We’ll start with the offense. And why don’t we start at quarterback where we’ll go with Brett Favre (Kiln), a three-time league MVP who retired as the NFL’s all-time leading passer and now ranks fourth. Not bad for starters. We’ve got Steve McNair (Mount Olive), Charlie Conerly (Clarksdale) and Archie Manning (Drew) if Favre needs a break, which, famously, he never did. He started 321 consecutive games, a pro football record.

With arms like that we’ll need lots of wide receivers. Not to worry. We’ll split Jerry Rice (Crawford), the NFL’s all-time leading receiver and scorer wide to the left. We’ll flank seven-time Pro Bowler and Hall of Famer Lance Alworth (Brookhaven), Bambi himself, wide to the right. In the slot? Take your pick: Harold Jackson (Hattiesburg), Eric Moulds (Lucedale), Willie Richardson (Greenville), Ray Perkins (Petal) and we could go on and on. This is fun, no?

When we run, we’ll give it to Sweetness, Walter Payton, No. 34 on his uniform, No. 2 on the all-time pro football rushing list. He’s only the best football player these eyes have ever seen. The quarterbacks will appreciate his blitz blocking, too. Ready in reserve will be Wilbert Montgomery (Greenville) and Deuce McAllister (Ludlow).

Jimmie Giles (Greenville), the first offensive player chosen for Tampa Bay’s Ring of Honor, is one tight end and Wesley Walls (Pontotoc), Carolina Panthers Wall of Honor, is the other. Between them, they caught 95 touchdowns. Both ought to be in the Pro Football Hall of Fame.

Buffalo Bills

Kent Hull was “the heartbeat” of the Buffalo Bills.

The old saying is that it’s what’s up front that counts. Kent Hull, a Buffalo Bills Wall of Famer and three-time Pro Bowler from Greenwood will snap it, flanked on either side by Pro Football Hall of Fame guard Billy Shaw (Vicksburg) and Gabe Jackson (Liberty). For offensive tackles, we’ll trot out maybe the best ever Jackie Slater (Jackson) on the left side and Walt Suggs (Hattiesburg) on the right. Tom Goode (West Point), who famously snapped for Jim O’Brien’s winning field goal in Super Bowl V, will handle long snapping.

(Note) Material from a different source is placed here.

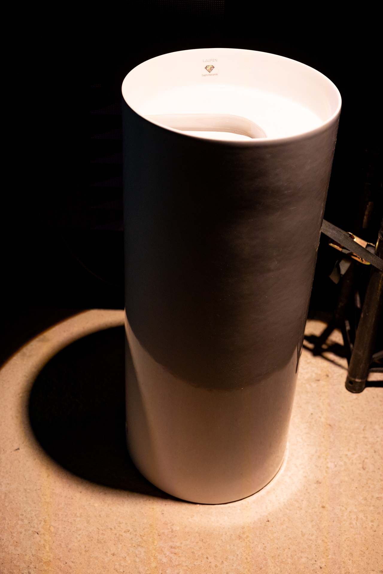 W centrum instalacji LAUFEN znalazła się umywalka VOLTA – najnowszy projekt autorstwa uznanego szwajcarsko-amerykańskiego projektanta Yvesa Béhara . VOLTA to obiekt, który łączy rzeźbiarską formę z funkcjonalnością, redefiniując pojęcie ceramiki łazienkowej. Jej organiczna, a zarazem precyzyjna forma stanowi wyraz nowoczesnego podejścia do projektowania, w którym estetyka idzie w parze z odpowiedzialnością środowiskową.

And now for the defense. We’ll be nasty on this side of the ball with L.C. Greenwood (Canton) at one end and Ben McGee (Durant) on the other. Both were Steelers and both were splendid. At defensive tackle, we’ll go with the great Bruiser Kinard (Pelahatchie), another Pro Football Hall of Famer and Fletcher Cox (Yazoo City), presently one of the best in the business and surely a future Hall of Famer. Have you noticed how many small-town guys make this team? Amazing.

New York Jets

Ole Miss great Larry Grantham is part of the New York Jets Ring of Honor.

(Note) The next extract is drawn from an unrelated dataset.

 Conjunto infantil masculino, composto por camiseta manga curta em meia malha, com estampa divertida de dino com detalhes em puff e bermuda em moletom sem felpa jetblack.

We’ve got linebackers galore. The only problem is deciding whom to start. Hugh Green (Natchez) gets one nod. Run away from him, and you’ll find Larry Grantham (Crystal Springs) on the other side. In the middle, I’m going with tackling machine Johnie Cooks (Leland). And then there are present day stars K.J. Wright (Olive Branch) and Jamie Collins (McCall Creek), both All-Pros.

youtube.com

With NFL Films camera zooming in, Willie Brown rambled into NFL history in the 1977 Super Bowl.

No state, anywhere or any size, can match us at cornerback. Yazoo City’s Willie Brown and Gulfport’s Lem Barney are two more Pro Football Hall of Famers. If they aren’t the best two ever to play the position, they are in the first sentence of any conversation about it.

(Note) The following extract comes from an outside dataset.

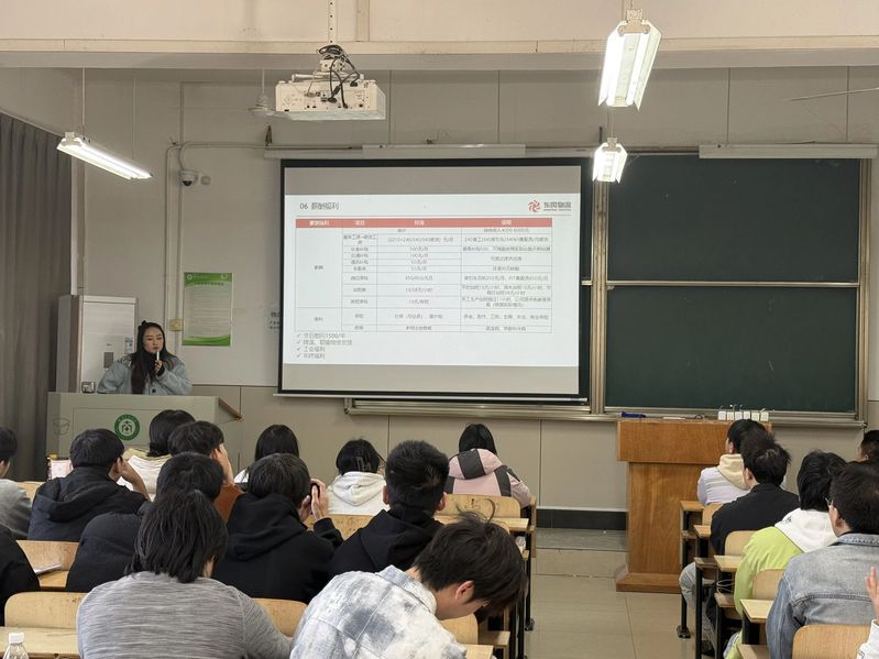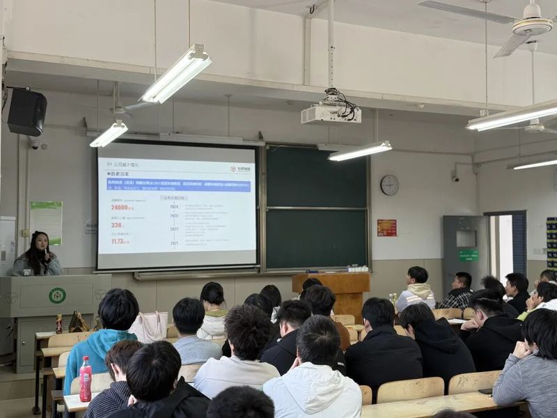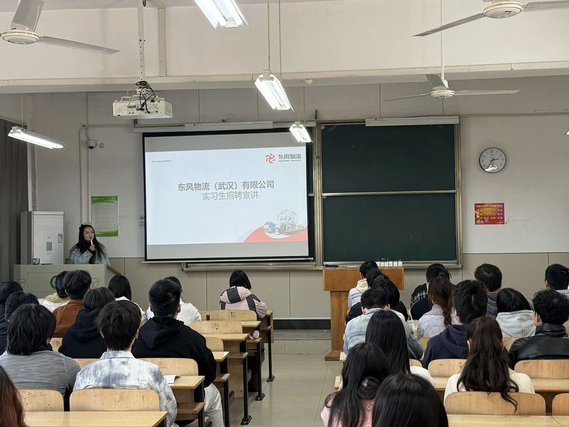 随后,东风物流有限公司校招负责人刘一晗作为主讲人,为同学们带来了一场内容详实、生动精彩的宣讲。主讲人先后介绍了公司的发展历程、核心业务、企业文化、人才理念,以及本次招聘的实习岗位需求、培养体系和职业发展路径。她结合物流行业的最新趋势与实战案例,分享了企业对物流人才的能力期望,并诚挚邀请有志于物流行业的学子加入东风物流,携手成长。

For safeties, we’ll go with Jimmy Patton (Greenville), a five-time Pro Bowler for the New York Giants and Jim Marsalis (Pascagoula).

On special teams, Stephen “Beaver” Gostkowski (Madison) ranks as one of the most accurate placekickers in pro football history and is money when the game is on the line. Most will assume that Ray Guy, who kicked at USM and lives in Purvis, is the punter. He would be except that USM recruited him out of Thomson, Georgia. Jerrell Wilson? Born in New Orleans. Not to worry, Chunkin’ Charlie Conerly could punt it just fine. So could Sweetness Payton for that matter. So could Julian Fagan of Laurel and Jim Miller, the barefoot wonder from Ripley.

But keep in mind, with our offense, who really needs a punter?